The team set out to explore the idea that the visual signs we use have been selected, whatever the culture, to reflect common contours, landscapes and shapes in natural scenes that human brains have evolved to be good at seeing.

"Writing should look like nature, in a way," said Dr Changizi, explaining how similar reasoning has been used to explain the sounds, signs and colours that animals, insects and so on use to tell each other they are, for example, receptive to sex.

To be able to compare Cyrillic, Arabic or whatever, they turned to the mathematics of topology, which focuses on the way elements are connected together in a letter rather than overall shape, so that fonts do not matter and nor does handwriting, whether neat calligraphy or crudely written with a crayon grasped in a clenched fist.

For example, each time you see a T, geometrical features and frills such as serifs may differ according to the font or handwriting but the topology remains the same. By the same token, L, T, and X represent the three topologically distinct configurations that can be built with exactly two segments. And, to a topological mind, an L is the same as a V. In this way, the team could classify different configurations of strokes, or segments, to boil an alphabet of alphabets down to their essentials.

Across 115 writing systems to emerge over human history, varying in number of characters from about 10 to 200, the average number of strokes per character is approximately three and does not appear to vary as a function of writing system size. Sticking to letters that can be drawn with three strokes or fewer, the team found that about 36 distinct characters is the universe of letters in a theoretical alphabet.

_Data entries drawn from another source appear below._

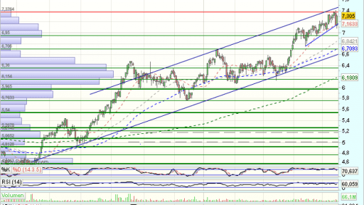 Tras consolidar, se apoya en la media de 200 sesiones para un nuevo impulso alcista acelerado, que supera máximos de impulso previos y la media de 200 sesiones tanto en diario como en semanal. Encuentra obstáculos en los 6,5, euros, que fuerzan una consolidacion.
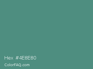 Hex #4e8e80 Color is a normal cyan color and the nearest color is Wintergreen Dream #56887d. Hex code #4e8e80 and RGB value is rgb(78,142,128). In RGB color space, this color is composed of 31% red, 56% green, 50% blue, In CMYK color space, this color is composed of 45% cyan, 0% magenta, 10% yellow , 44% black , In HSL color space, this color has a hue angle of 167° , 29% saturation and 43% lightness.
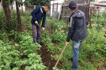 Сегодня учащиеся 8 класса вместе с классным руководителем побывали в гостях у ветерана тыла Кусакина В.В., помогли в уборке огорода, окучили картофель, убрали сорняки.
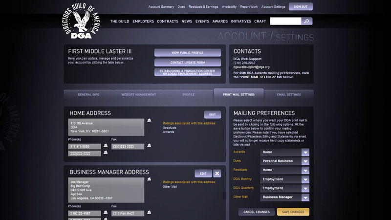 - Once your address information is up-to-date, review your MAILING PREFERENCES to determine where you want your DGA print mail to be sent. Use the dropdown menus to make any changes for each mailing preference and click SAVE CHANGES to confirm.
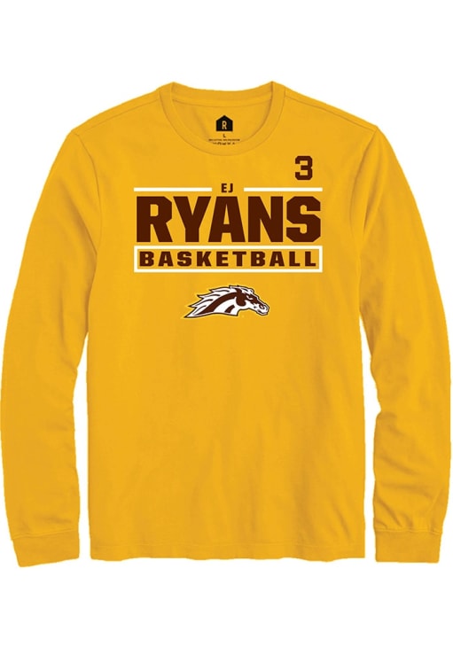Embrace the spirit of your favorite player in this Western Michigan Broncos Gold NIL Stacked Box Ej Ryans Long Sleeve Player Tee! This Player T Shirt features a NIL graphic, so everyone will know you cheer for WMU Broncos, Ej Ryans! This is the perfect Broncos Player Tee for game days. Go Broncos!

Remarkably, the study revealed regularities in the distribution of (topological) shapes across approximately 100 phonemic (non-logographic) writing systems, where characters stand for sounds, and across symbols. "Whether you use Chinese or physics symbols, the shapes that are common in one are common in the others," said Dr Changizi.

For comparison, the team studied the shapes found in the real world, such as the Y shapes seen at the corner of a cube, or the simpler L and T shapes found in the branches of trees, yurts, huts, tepees and simple dwellings and so on.

They analysed the frequency of the shapes in 27 photographs of savannas and tribal life, 40 miscellaneous photographs of rural and small-town life and 40 computer-generated images of buildings. Much to their surprise, whether analysing the shapes in an urban landscape, or those in a leafy wilderness, they had very similar distributions of configurations and shapes.

Most striking of all, the team found a high correlation between the most common contour combinations found in nature and the most common contours found in letters and symbols across cultures. For example, contours resembling an "L" or "X" are more common in both human visual signs and natural scenes than anything resembling an asterisk (*).

When the popularity of each shape was plotted, a wiggly curve emerged that closely matched that of the popularity of the forms and architectures found in nature: the most common letter shapes mirrored common real-world shapes.

As a check that they had found something truly significant, they looked at the distribution of shapes found in trademark symbols. Once again, they follow the same plot, again suggesting that it is looks that matter, as one would expect for a logo, not ease of writing. The idealised flower used by BP may be hard to write but is easy to recognise because it mirrors a natural shape.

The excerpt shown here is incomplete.